Ed Burkhardt, chairman of the railway company whose driverless train crashed into a Quebec town this week, said the train was tampered with before the crash.
At least 13 people died in the crash and inferno.
CNN reported, via Free Republic:
The chairman of the company whose driverless train barreled into the small Quebec town of Lac-Megantic and unleashed a deadly inferno told a Montreal newspaper he believes it had been tampered with.
“We have evidence of this,” Ed Burkhardt said in an interview published by the Montreal Gazette. “But this is an item that needs further investigation. We need to talk to some people we believe to have knowledge of this.”
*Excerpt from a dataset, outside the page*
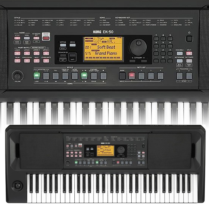 KORG EK-50 Enterteinment Keyboard - Estilos que te ayudan en tu interpretación EK-50 está equipado con la función de acompañamiento automático basada en “Estilos”, que produce automáticamente un rico acompañamiento tocando con un dedo de la mano izquierda, o bien tocando acordes. Puesto que este acompañamiento cambia según la posición en el teclado o el acorde que toques, puedes improvisar fácilmente tocando la melodía con la mano derecha. Es como tener un grupo que ya sabe cientos de canciones, simplemente tocando con un dedo. Los Estilos disponibles en EK-50 cubren más de 280 géneros musicales de todo el mundo, cada uno con cuatro variaciones que van desde simples a complejas, así como una introducción y final para el inicio y final de la canción. Puedes añadir variedad a tu interpretación pulsando estos botones al compás del ritmo. También existe una función “STS” (Selección con un solo toque) que selecciona automáticamente los ajustes recomendados al cambiar los Estilos. Es una combinación perfecta de sonidos y estilos, todo configurado y listo para tocar, para que puedas centrarte en el aprendizaje, crear o interpretar. - Toca una amplia variedad de sonidos El EK-50 contiene más de 702 sonidos realistas, incluyendo pianos, violín, saxo y batería. Puedes seleccionar y tocar el sonido que necesites, tanto si estás tocando como solista o interpretando en un grupo musical. También puedes utilizar la función de división ‘Split’ para dividir el teclado y tocar diferentes sonidos al mismo tiempo: como el piano con la mano derecha y el bajo con la izquierda. Esto te permite disfrutar aún más con diferentes combinaciones de sonidos. - Un diseño que permite usar de forma intuitiva las numerosas funciones En el centro del panel de control disponemos de una pantalla brillante y clara que muestra los nombres de Estilos y el Sonido seleccionado en caracteres grandes, para una gran visibilidad. Los interruptores principales están iluminados con sus propios LEDs, para ayudarte a visualizar el ajuste de cada función. También hay un botón de Piano de cola que selecciona el sonido de piano en cualquier momento, independientemente del sonido seleccionado. - Altavoces incorporados para disfrutar de inmediato Los potentes altavoces estéreo de 10W x 10W ya están incorporados en el instrumento. Pueden reproducir no sólo el sonido del instrumento, sino también el sonido de un dispositivo externo conectado a la toma de entrada. Además, incluye un atril de partituras y un adaptador de CA, para que puedas empezar a tocar en cuanto lo saques de la caja. EK-50 también funciona con pilas AA (se venden por separado), ¡para que puedas tocar allá donde vayas! - Potentes Estilos Musicales para un completo entorno de interpretación EK-50 contiene 64 “Estilos Musicales” que preajustan el Estilo, Sonido y Tempo adecuados para las canciones que ya conoces. Simplemente seleccionando un Estilo Musical y tocando el teclado es una manera muy fácil de improvisar o crear ideas para canciones originales. - Reproduce tus canciones favoritas mientras tocas ¿Tienes una gran idea para una canción nueva? Puedes grabar tus interpretaciones en el EK-50 y también guardarlas. El Modo de Canción te permite reproducir tus propias creaciones originales, las canciones internas de demostración, datos de audio MP3 o WAV y datos SMF (Archivo MIDI Estándar) guardados en cualquier memoria flash USB, disponibles comercialmente. También podrás tocar sonidos mientras reproduces esas canciones. - Añade Estilos de la extensa librería de Korg EK-50 es un instrumento abierto, que te permite añadir hasta 96 Estilos mediante una unidad flash USB. Esperamos agregar nuevos datos a la Web KORG en el futuro y te mantendremos informado. Teclado 61 teclas (sensible a la velocidad) Control de Toque: Ligero, Medio (estándar), Fuerte, Fijo Generador de Sonido Generador de Sonido Estéreo PCM Polifonía Máxima 64 voces Sonidos Más de 702 sonidos, 41 kits de Batería (incluyendo conjuntos de sonido compatibles GM)Conjuntos de TecladoMás de 170 sets EfectosParte de Acompañamiento2 Multi-Efectos Estéreo digitalesParte de Teclado2 Multi-Efectos Estéreo digitalesTipos34 tipos (148 variaciones) EstilosMás de 280 presets 2 intros, 4 variaciones, 2 rellenos, 1 cuenta atrás/ruptura, 2 finales, synchro start/stop, tap tempoEstilos Musicales64 estilosCanciones Demo18 cancionesReproductor de AudioMP3, WAV (44.1 kHz) SecuenciadorGrabaciónGrabación en tiempo real (Modo de Estilo), máximo 999 canciones (aprox. 100.000 notas), 12 pistas (4 partes de teclado 8 partes de acompañamiento automático), formato original (puede convertir a SMF0)Reproducciónsoporta Reproducción de canción (tocar en el teclado durante la reproducción de la canción), Formato SMF (archivo MIDI estándar) 0 ó 1 Escalas11 tipos (incluyendo escala de usuario)ControlesBotón de encendido, mando VOLUME, joystick, botón STYLE/[MUSIC STYLE], botón SONG/[DEMO SONG], botón KEYBOARD SET/[STS], botón GRAND PIANO, cada botón de la sección PART MUTE/[SOUND SELECT], botón SETTING/[EFFECT], botón MEDIA, botón SPEAKER EQ/[SPEAKER OFF], botón [SHIFT], botón ENSEMBLE, botón SPLIT, botón METRONOME/[BEAT SELECT], botón TAP TEMPO/[TEMPO LOCK], botones TRANSPOSE b y #/[OCTAVE –/ ], Dial, botón CATEGORY, botones de Valor, botón , botón -, cada botón de la sección STYLE/SONG, cada botón de la sección SET LISTSet lists10 bancos × 4MetrónomoTempo, beat, volumenTempo30–240Transposición de tecladoC (-12) a C (0) a C ( 12)Afinación427.5–452.9 Hz Entrada/SalidaToma para controlador de pedal6.3 mm (1/4") jack * El EK-50 no soporta la función de medio-pedal.Toma AUDIO IN3.5 (1/8”) mm Estéreo mini-jackTomas OUTPUT L/ MONO, R6.3 mm (1/4”) jack (no balanceado)Toma de auriculares3.5 mm (1/8”) Estéreo mini-jackPuerto USB ATO DEVICE para conectar memoria USB flash y controladoresPuerto USB BTO HOST para conectar

The company did not immediately return phone calls from CNN about the report. Burkhardt is the chief executive officer and president of Rail World, the parent company of the Montreal, Maine & Atlantic Railway, the operator of the derailed train.
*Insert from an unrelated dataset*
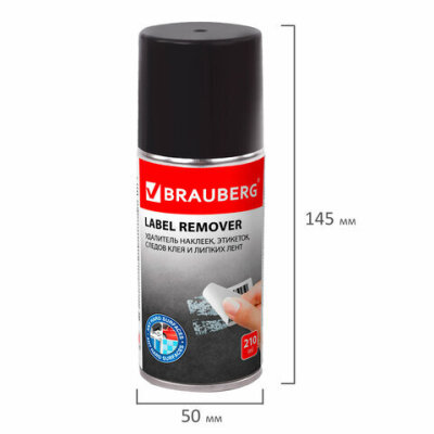 Удалитель наклеек, этикеток, следов клея, битума, антискотч-спрей BRAUBERG MAX, 210 мл, 607163
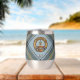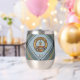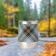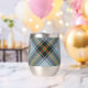 Clan Bell écusson badge entouré d'une sangle et boucle sur l'arrière - plan tartan. Texte personnalisé des deux côtés.

Seventy-two tanker cars carrying crude oil jumped the track early Saturday, setting off a huge fireball. At least 13 people are dead and 37 are missing. Officials in the town 130 miles east of Montreal say some were likely vaporized by the sheer intensity of the blaze, which burned for 36 hours.
About 2,000 residents were evacuated. On Tuesday morning, authorities said the fire is now under control and 1,200 people will be permitted to go back to their homes immediately. Another 800 still cannot return, the officials said.
UPDATE: The brakes had been disabled on the train before the crash.
USA Today reported:
The air brakes on the runaway oil train that devastated a Quebec town early Saturday had been disabled by firefighters who were called to extinguish a blaze aboard one of the locomotives 90 minutes before the disaster, the head of the railway said Monday.